Work to be completed
Using the data below, output a verbatim copy of the lines between the one holding "Ich lese jetzt" and the one holding "Питанием микросхем памяти", inclusive, without any pictures.
*** Data records Section Begins ***
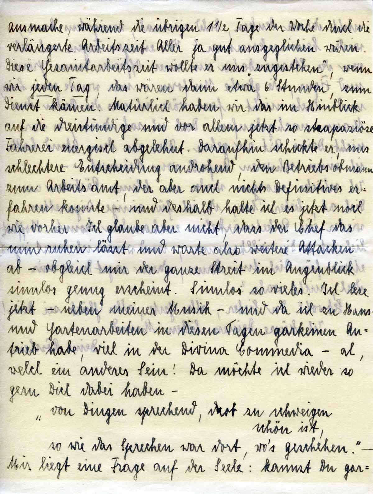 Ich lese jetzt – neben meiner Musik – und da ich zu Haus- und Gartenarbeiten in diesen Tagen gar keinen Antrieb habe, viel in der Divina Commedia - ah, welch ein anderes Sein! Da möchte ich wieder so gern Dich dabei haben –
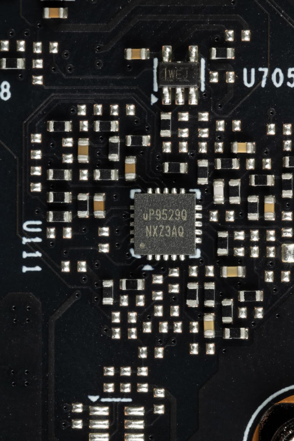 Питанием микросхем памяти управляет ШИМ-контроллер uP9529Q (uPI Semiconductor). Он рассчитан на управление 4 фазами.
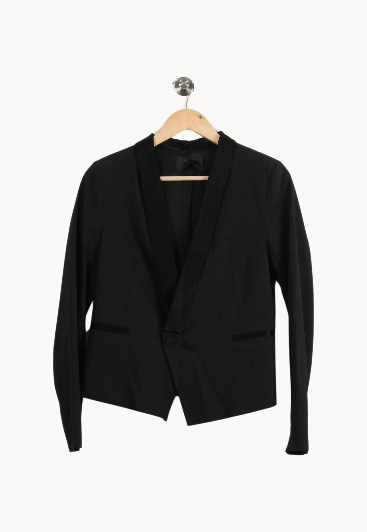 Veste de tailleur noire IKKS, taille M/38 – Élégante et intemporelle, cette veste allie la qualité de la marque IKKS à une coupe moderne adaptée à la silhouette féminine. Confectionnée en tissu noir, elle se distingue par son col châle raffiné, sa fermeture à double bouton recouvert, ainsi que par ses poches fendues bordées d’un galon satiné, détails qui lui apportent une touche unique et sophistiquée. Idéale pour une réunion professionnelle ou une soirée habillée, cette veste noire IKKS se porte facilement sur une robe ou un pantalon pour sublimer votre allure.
*** Data records Section Ends ***
*** Data records Section Begins ***
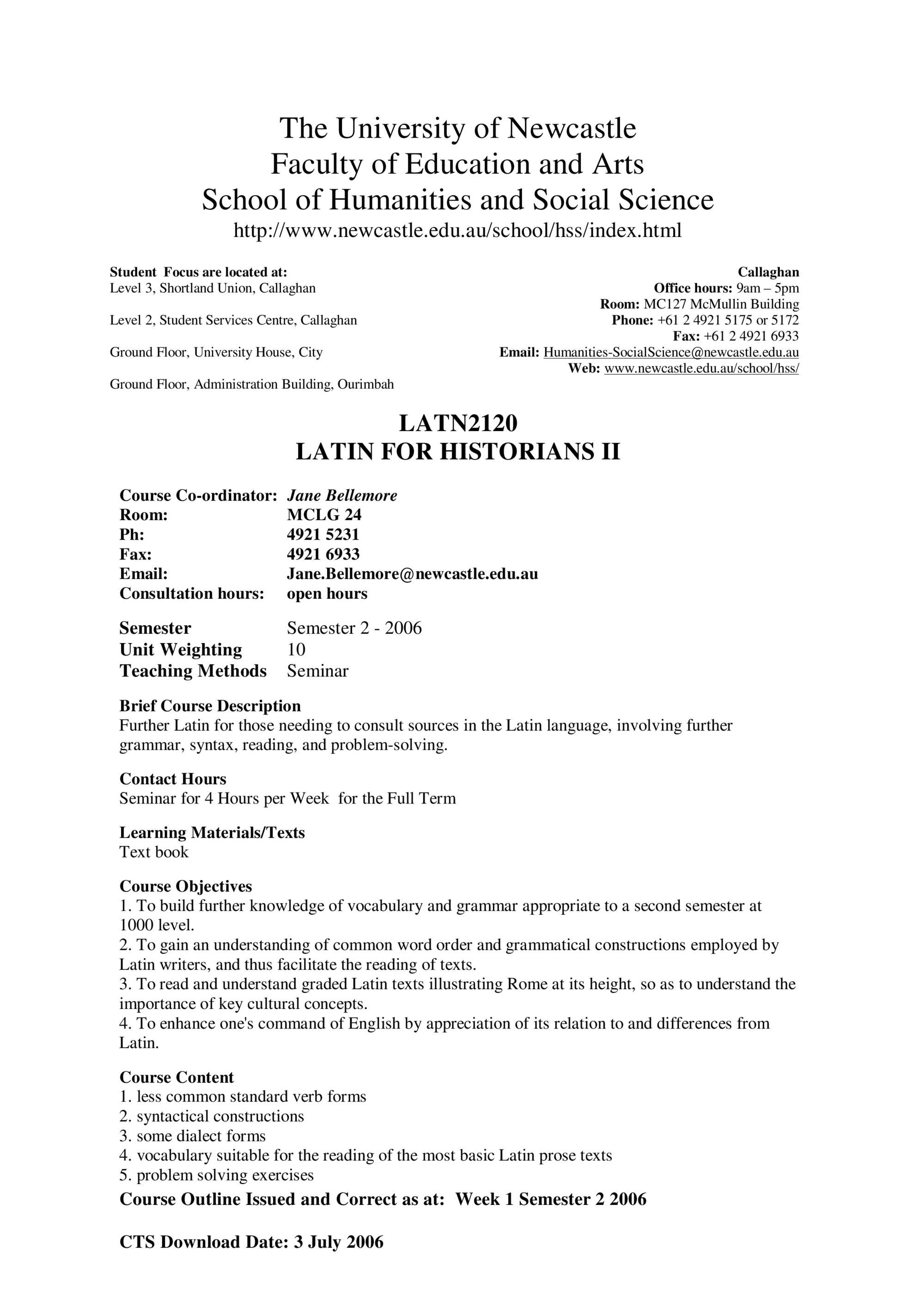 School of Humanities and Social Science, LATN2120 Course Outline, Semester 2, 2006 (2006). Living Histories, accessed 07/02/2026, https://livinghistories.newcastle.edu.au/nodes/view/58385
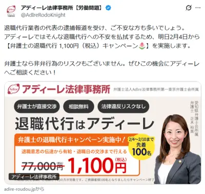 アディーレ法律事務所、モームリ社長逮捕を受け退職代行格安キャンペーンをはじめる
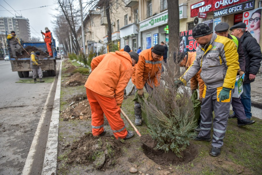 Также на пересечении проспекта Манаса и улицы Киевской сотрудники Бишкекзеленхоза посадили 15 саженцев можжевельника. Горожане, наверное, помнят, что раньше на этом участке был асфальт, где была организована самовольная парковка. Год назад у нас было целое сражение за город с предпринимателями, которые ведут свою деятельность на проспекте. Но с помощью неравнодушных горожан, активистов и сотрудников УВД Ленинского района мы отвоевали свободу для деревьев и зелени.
*** Data records Section Ends ***
Answer space
 Ich lese jetzt – neben meiner Musik – und da ich zu Haus- und Gartenarbeiten in diesen Tagen gar keinen Antrieb habe, viel in der Divina Commedia - ah, welch ein anderes Sein! Da möchte ich wieder so gern Dich dabei haben –
 Питанием микросхем памяти управляет ШИМ-контроллер uP9529Q (uPI Semiconductor). Он рассчитан на управление 4 фазами.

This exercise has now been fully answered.